Showing posts with label Akira. Show all posts
Showing posts with label Akira. Show all posts

Saturday, 24 May 2014

The touchstone of Paul Valéry's 'Le Cimetière Marin’ ?

This is a review of The Wind Rises (Kaze tachinu) (2013)

More views of - or before - Cambridge Film Festival 2014
(Click here to go directly to the Festival web-site)


24 May (updated 30 May)

This is a review of The Wind Rises (Kaze tachinu) (2013)
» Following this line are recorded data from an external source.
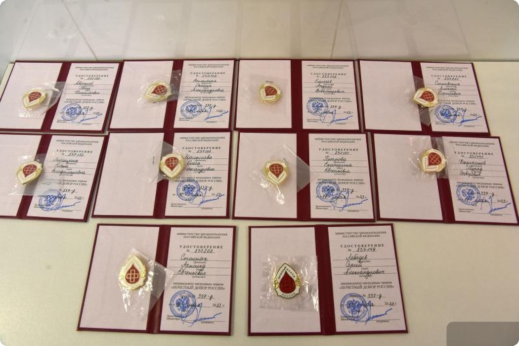 Нагрудные знаки и удостоверения «Почётный донор России» в Екатеринбурге получили 10 человек, всего в подразделениях Областной станции переливания крови наградили около 100 доноров. Знак получают добровольцы, которые сдали кровь 40 раз, с начала этого года его получили 497 свердловчан, рассказали ИА «Уральский меридиан» в департаменте информполитики Свердловской области.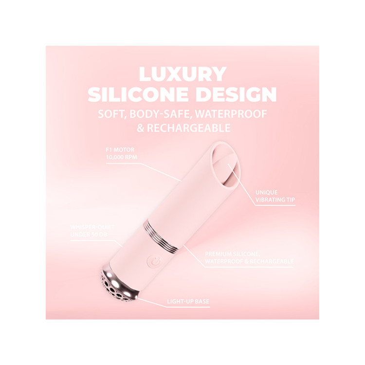 Til tross for størrelsen leverer Luxe imponerende kraft. Den nye F1-motoren spinner opp til 10.000 RPM, men holder seg likevel under 50 dB for en diskret og behagelig opplevelse. Kraften gjør at silikontungen på tuppen går raskt frem og tilbake som en tunge som aldri blir sliten. Overflaten i silkemyk, kroppssikker silikon føles god mot huden, og den vanntette utformingen gjør det enkelt å ta nytelsen med i dusjen. En elegant følgesvenn som byr på presis, intens og luksuriøs stimulering - enten du er hjemme, på reise eller vil ha et lekent øyeblikk på farten.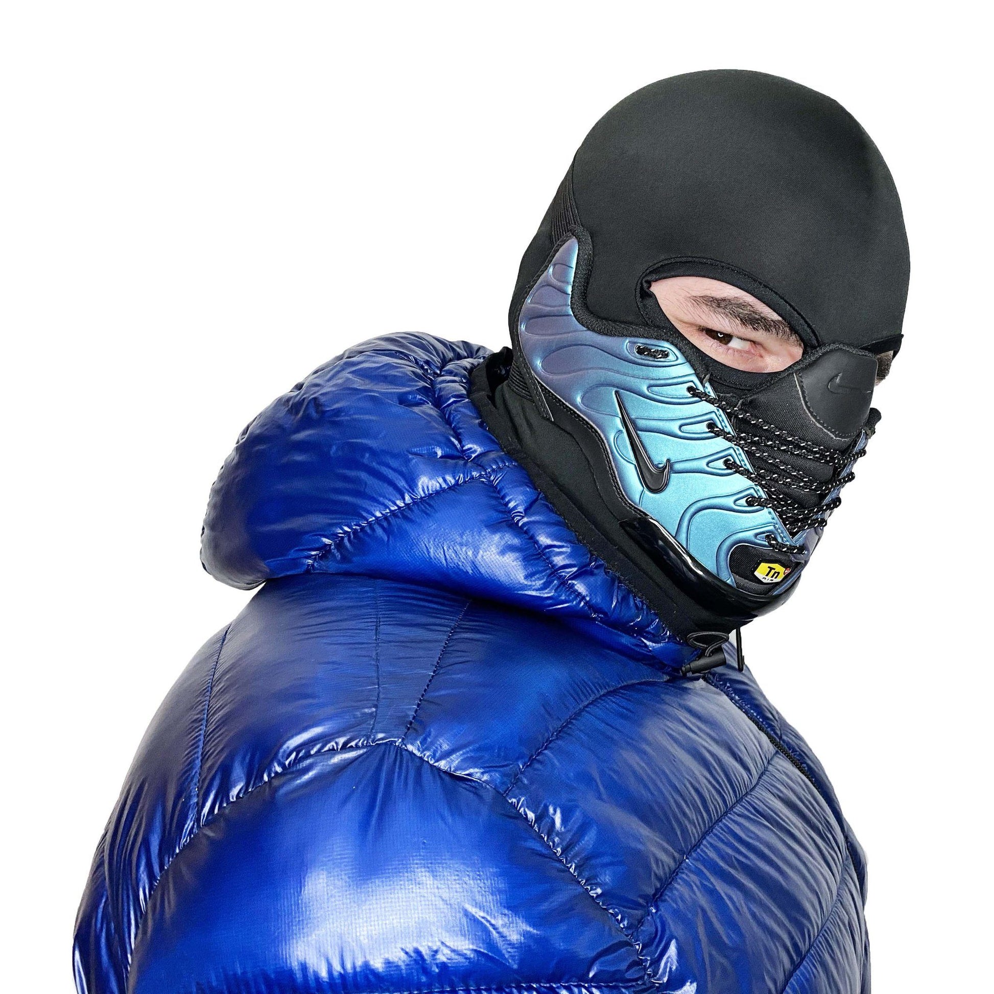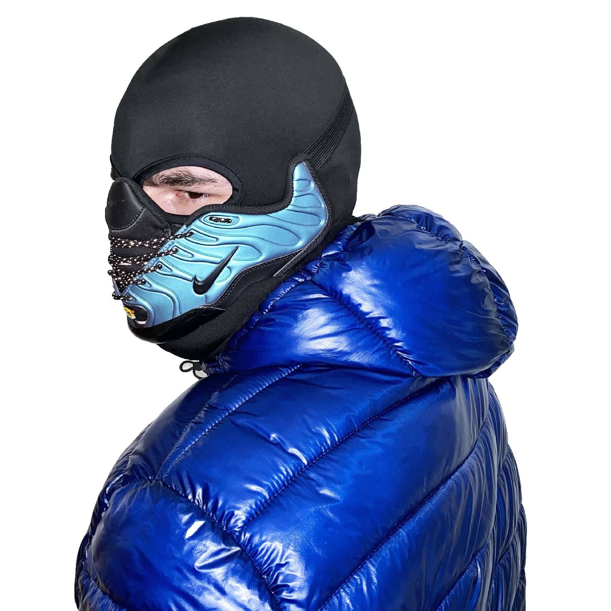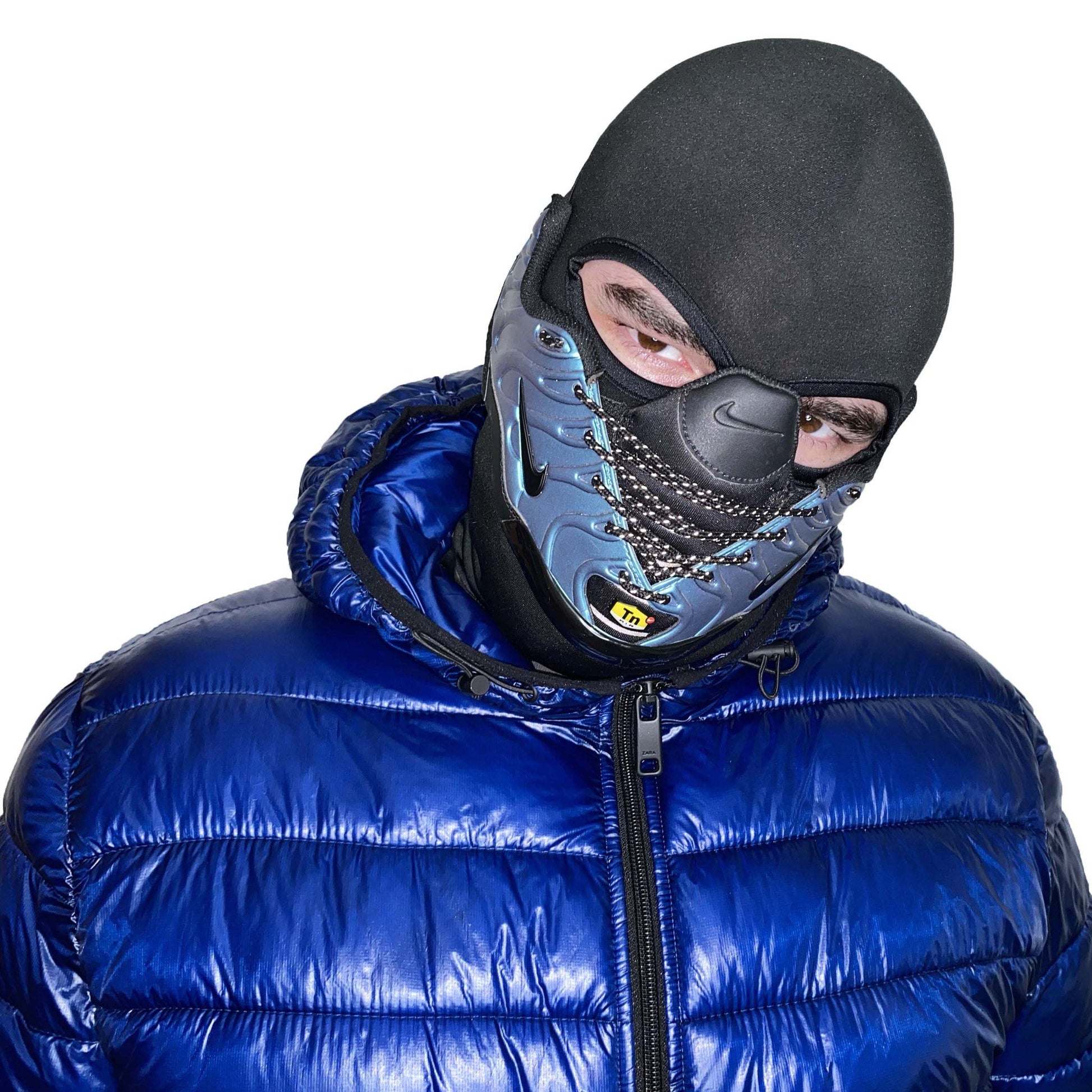Our totally unique Air Max Tn mask, handmade from a used, up-cycled, vintage pair of original AirMax Tn sneakers. Besides the authentic material from the sneakers, we finish this customised product with high premium quality elastic bands which provide comfort and adaptability. The mask can be worn with or without a balaclava underneath. Balaclava is not included in the price.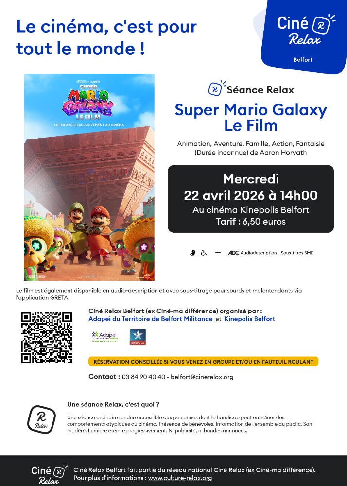 Ciné Relax le 22 Avril à 14 heures Kinepolis Belfort
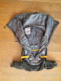 Tasche: Sul cappuccio | Di sicurezza in rete nel cappuccio | Posteriore | Tasca interna porta pala e sonda | Su fascia a vita | Laterali a soffietto con zip
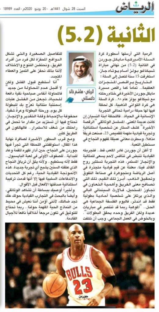 التاريخ يراقص المنجزات العظيمة .. تماماً كما راقص مسيرة مايكل جوردن الأخيرة في ختام رحلته مع شيكاغو بولز عام ٩٨ .. كرة السلة هي كرة الثواني الذهبية، كل لحظة فيها لها حبكة درامية تحاكي التجربة الإنسانية في الحياة .. فاللحظة ابنة النسيان إن كانت عديمة المعنى. المسلسل الوثائقي “الرقصة الأخيرة” كشف الستار عن شخصية استثنائية وتجربة قيادية ملهمة للقميص 23، صنعت فريقاً مذهلاً، وسطرت معانٍ عميقة لمفهوم النجاح في مستطيل اللعبة.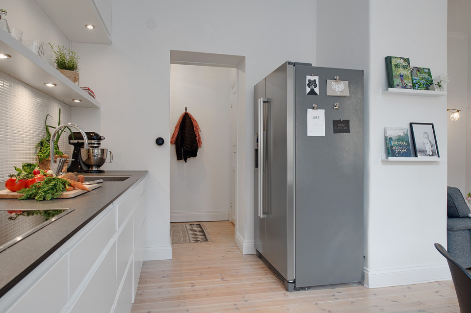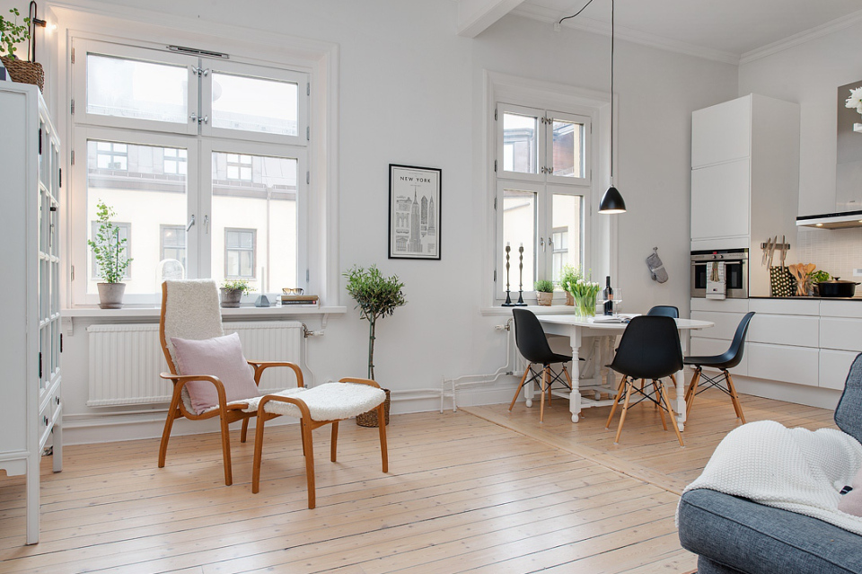 Un ambiente claro, en tonos blancos que reflejan la luz de las paredes en el mismo tono y muebles muy nórdicos y minimalistas son las normas de rigor en este apartamento.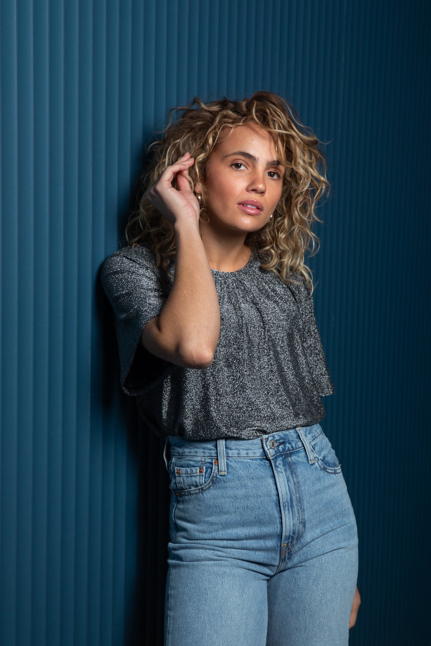Woman in a black outfit with a tan belt standing in front of a glass door.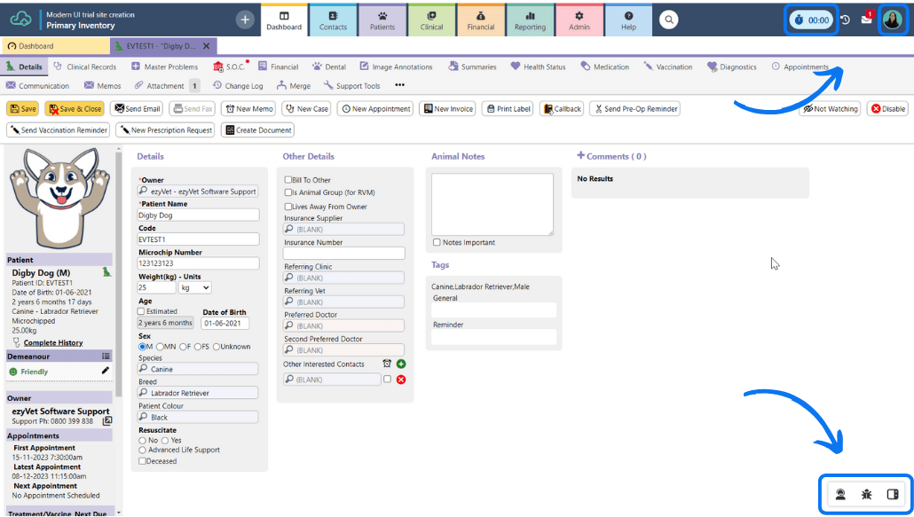 Throughout 2023, we've carefully refined ezyVet, ushering in a fresh and user-friendly interface. This reflects our ongoing commitment to modernize ezyVet and elevate your overall customer experience. We're excited that the new header experience will be available to all customers early next year, marking another milestone in our continuous efforts to enhance your user journey.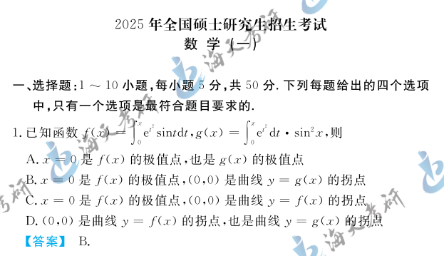 以上就是海天考研网为各位考生整理的2025考研数学一真题及答案解析汇总,仅限参考。持续为考研学子更新其他考研科目考研真题及答案解析,各位考生可以根据自身需要关注收藏,及时查看完整版2025考研真题及答案解析。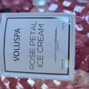 26 oz tin ..two wick ROSE PETAL ICE CREAM scented candle in a gorgeous metal tin
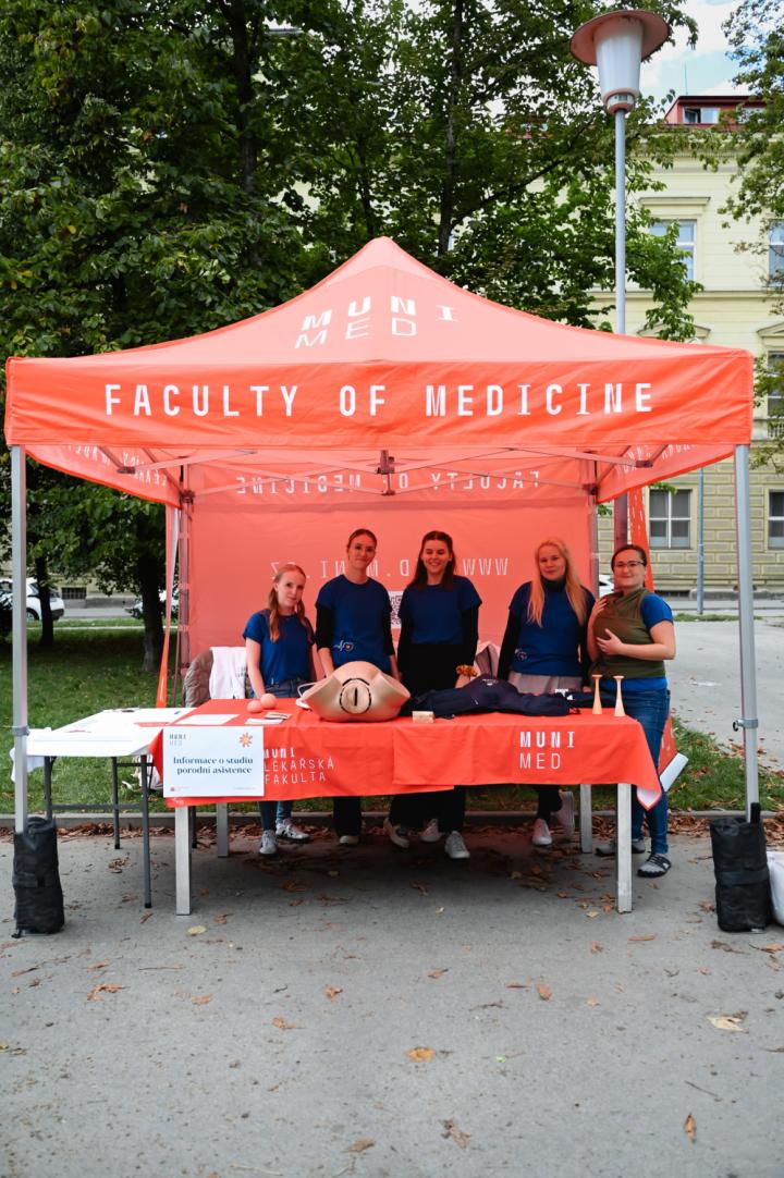 Na akci se představily i studentky studijního programu Porodní asistence z Ústavu zdravotnických věd LF MU v Brně. Návštěvníkům přiblížily, jak probíhá jejich studium a jak jsou budoucí porodní asistentky připravovány na své povolání.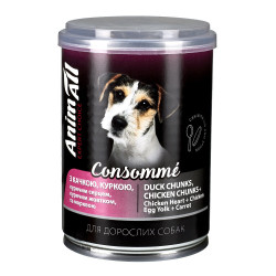 АнімАлл Вологий корм для собак Консоме з качкою, куркою, курячим серцем та курячим жовтком, 375 г.Консоме з качкою, куркою, курячим серцем та курячим жовтком - це високоякісний і збалансований корм для собак, який містить різноманітні натуральні інгредієнти для забезпечення здорового харчування вашого улюбленця.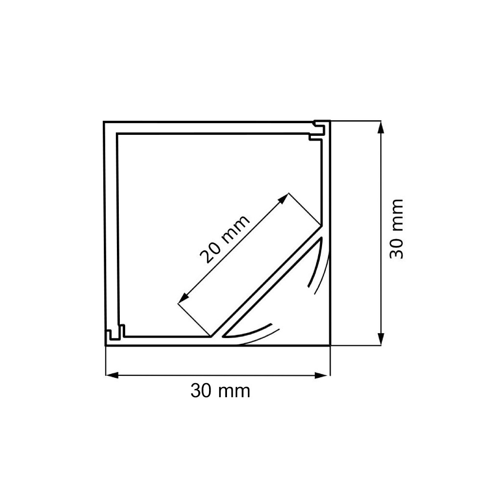 Ce profilé A44 en forme d'angle droit s'adaptera parfaitement dans un angle à 90°. Les clips de fixation ultra fins en inox permettent une fixation discrète et rapide.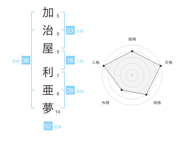 加治屋 利亜夢さんを姓名の画数から五運を鑑定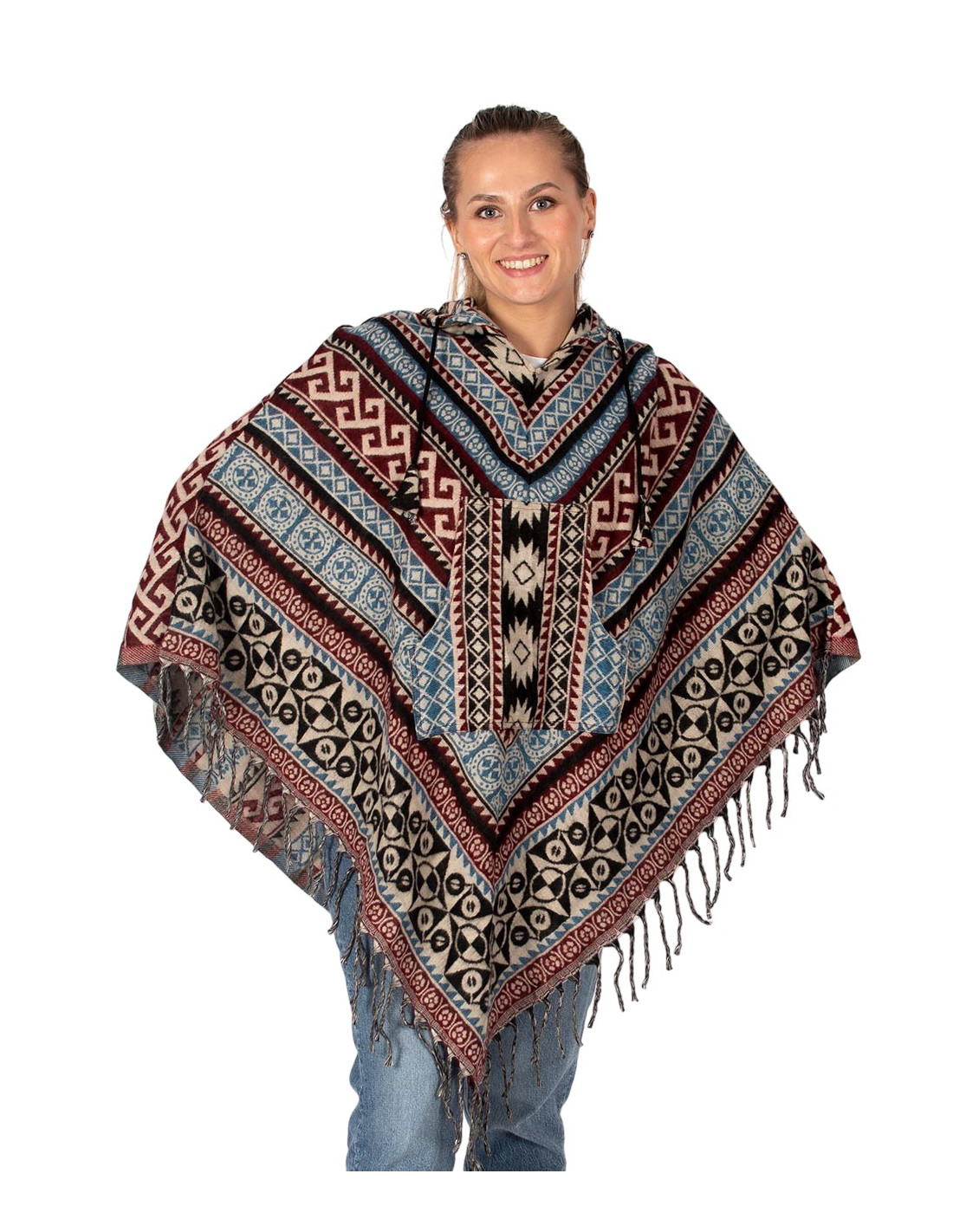 Poncho unisexe d'inspiration ethnique, doté d'une capuche ajustable , de franges sur le devant et de poches intégrées. Sa texture est douce, chaude et rappelle celle de la laine.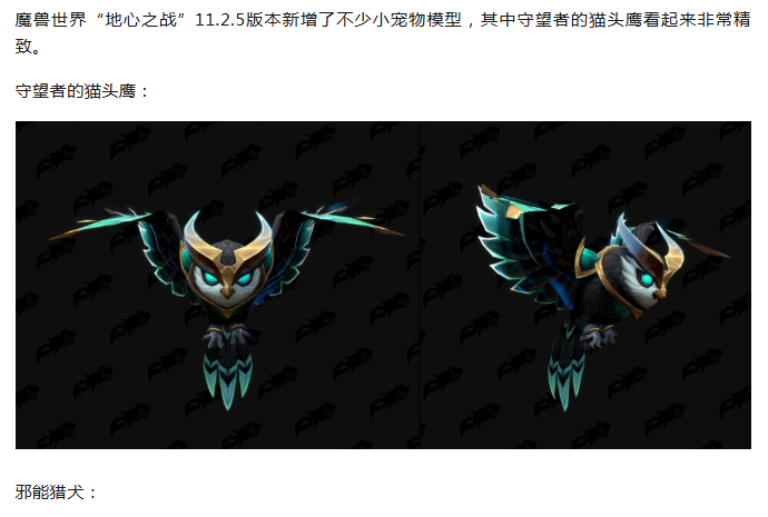 魔兽世界:新版本大量战斗宠物曝光,守望者猫头鹰!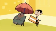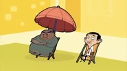 It's a warm, summer afternoon, Mrs. Wicket is resting on her deck chair whilst reading a book and Bruiser Family are in their pool relaxing. Mr. Bean comes outside too but it's too hot for him so he moves closer to Wicket but she tells him to leave because there's no more room. Bean reasons with Wicket that it's too hot to which she tells Bean to get his own shade. So Bean goes back inside and comes up with an idea of creating his own umbrella and placing his deck chair there. Bean comes out of the shack bringing out the equipment. He then digs a hole in the garden, accidentally hitting Scrapper with the mud, causing him to wake up and hiss at Bean. While Bean is digging he hits something metallic so he digs on the opposite side of the hole. While Bean is digging, Scrapper kicks the mud to his face as revenge for earlier and Bean tells him to go away; Bruiser Jr. and his sister are watching and they laugh at Bean. When Bean sees them laughing at him, he tells them to go away. Bean then sees the Bruisers relaxing on their pool. He tries to take their soda but Wicket hits him with her book and tells him to clean up the hole because she has a visitor coming.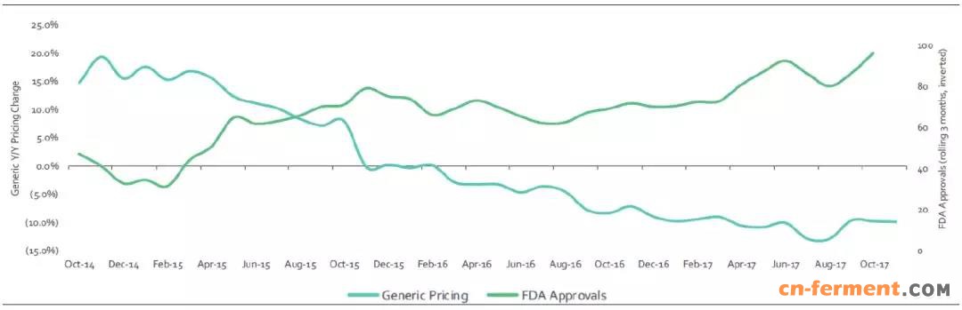 图 9:过去几年美国仿制药的价格随着批准文号的增多呈现平缓下降趋势

Knowing nothing about the film, except glimpses of a trailer, one was intrigued by a Tweet from director and film writer Mark Cousins :



Billed as Hayao Miyazaki’s last film (but ‘Never say Never’), and running to a lengthy seven minutes more than two hours*, it takes as its obvious theme the modernization of Japan between The Great War and what became The Second World War, with the repeated linguistic tic of how many years behind the country is than, say, the technology and aeronautical design of Germany. (There was also an ominous mention, not least because of Pearl Harbor, of whether a bomber would have the range to strike the States.)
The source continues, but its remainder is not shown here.